I'm using a IntelMPI with PBS.
When I send a SIGTERM signal using qdel to my job mpirun exits immediatly and my program that is called by mpirun has no time to finish its cleanup work.
if [ x$PBS_ENVIRONMENT != x ]; then
trap "" SIGTERM
in my ~/.profile to prevent any shell from exiting when it gets the SIGTERM)
How can I tell IntelMPI's mpirun not to exit on SIGTERM?
Thanks for posting here.
Personnally I don't understand why you need to send SIGTERM and execute cleanup code.
Anyway, I've tried to kill mpirun (it was SIGKILL really instead of SIGTERM, but I think it is not so important):
[user1@mpiserver100 spawn1]$ mpirun -r ssh -f mpd.hosts -n 2 IMB-MPI1 > out_IMB
From another console:
[user1@mpiserver100 spawn1]$ ps xf
PID TTY STAT TIME COMMAND
20989 pts/0 Ss 0:00 -bash
23276 pts/0 R+ 0:00 _ ps xf
14865 pts/6 Ss+ 0:00 -bash
23269 pts/0 S 0:00 python /user1/intel/impi/4.0/intel64/bin/mpiexec -n 2 IMB-MPI1
23270 pts/0 Z 0:00 _ [sh]
23255 ? S 0:00 python /user1/intel/impi/4.0/intel64/bin/mpd.py --ncpus=1 --myhost=mpiserver100 -e -d -s 2
23271 ? S 0:00 _ python /user1/intel/impi/4.0/intel64/bin/mpd.py --ncpus=1 --myhost=mpiserver100 -e -d -s 2
23274 ? R 0:09 | _ IMB-MPI1
23272 ? S 0:00 _ python /user1/intel/impi/4.0/intel64/bin/mpd.py --ncpus=1 --myhost=mpiserver100 -e -d -s 2
23273 ? R 0:09 _ IMB-MPI1
So, you can see that mpiexec and application itself are still running. mpirun doesn't send signals further.

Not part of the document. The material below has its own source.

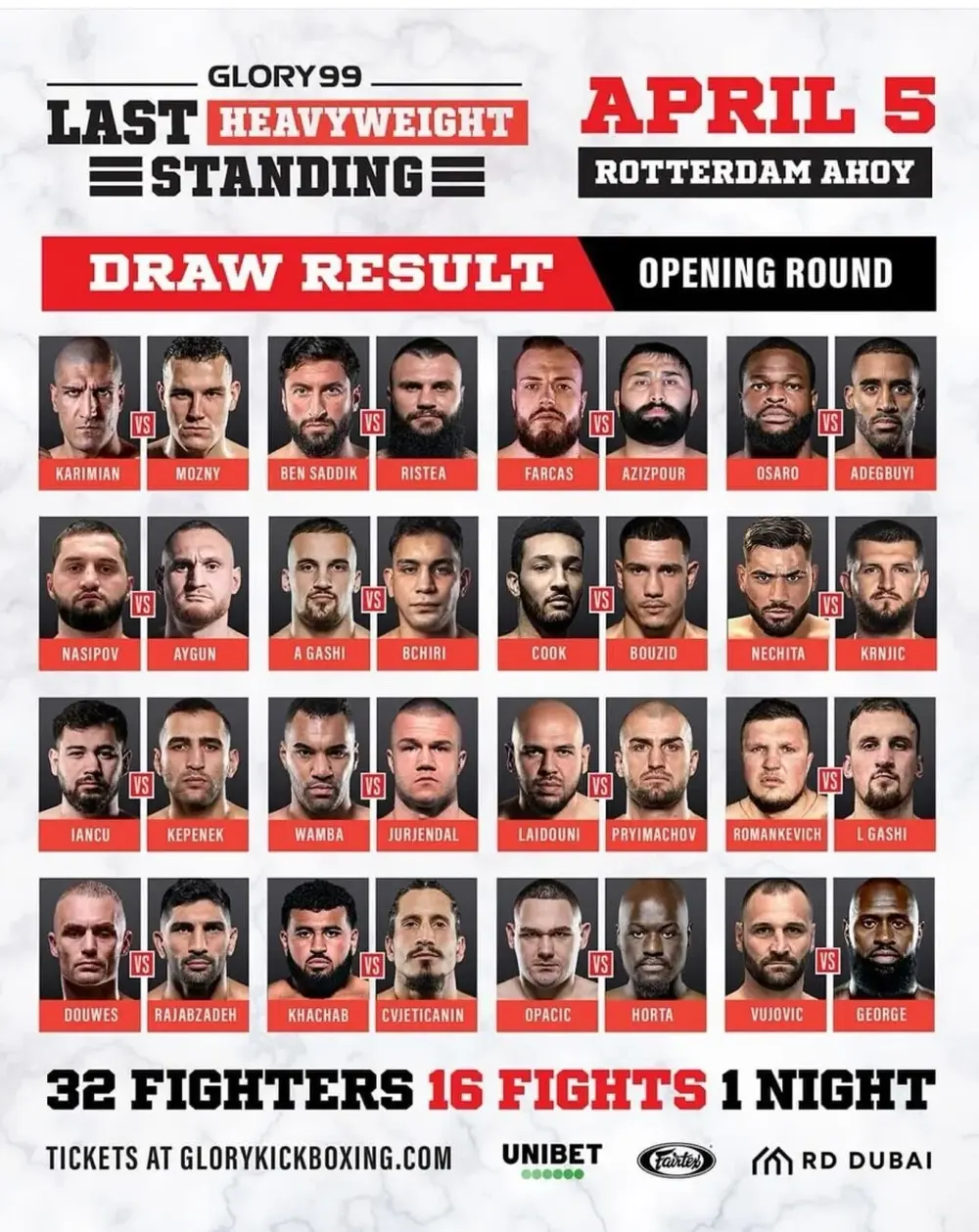 Tokom takmičenja u Rotterdamu, odnosno prve noći turnira, bit će održano čak 16 borbi, odnosno sve u okviru prve runde. Pogledajte parove, na priloženom plakatu – fotografiji u nastavku.

Probably this is PBS responsible for the problem you mentioned - seems PBS can kill not only parent processes but all children as well. Could you tell me your version of PBS and I'll try to reproduce the problem.
I have the same problem
If I send SIGUSR1 it gets passed to the subproceesses they can save there state and shutdown cleanly.
If I send a SIGINT (Ctrl-C) mpirun exits and my processes get killed without being able to save state. How do I make mpirun signore all signals and pass them on to the subprocesses?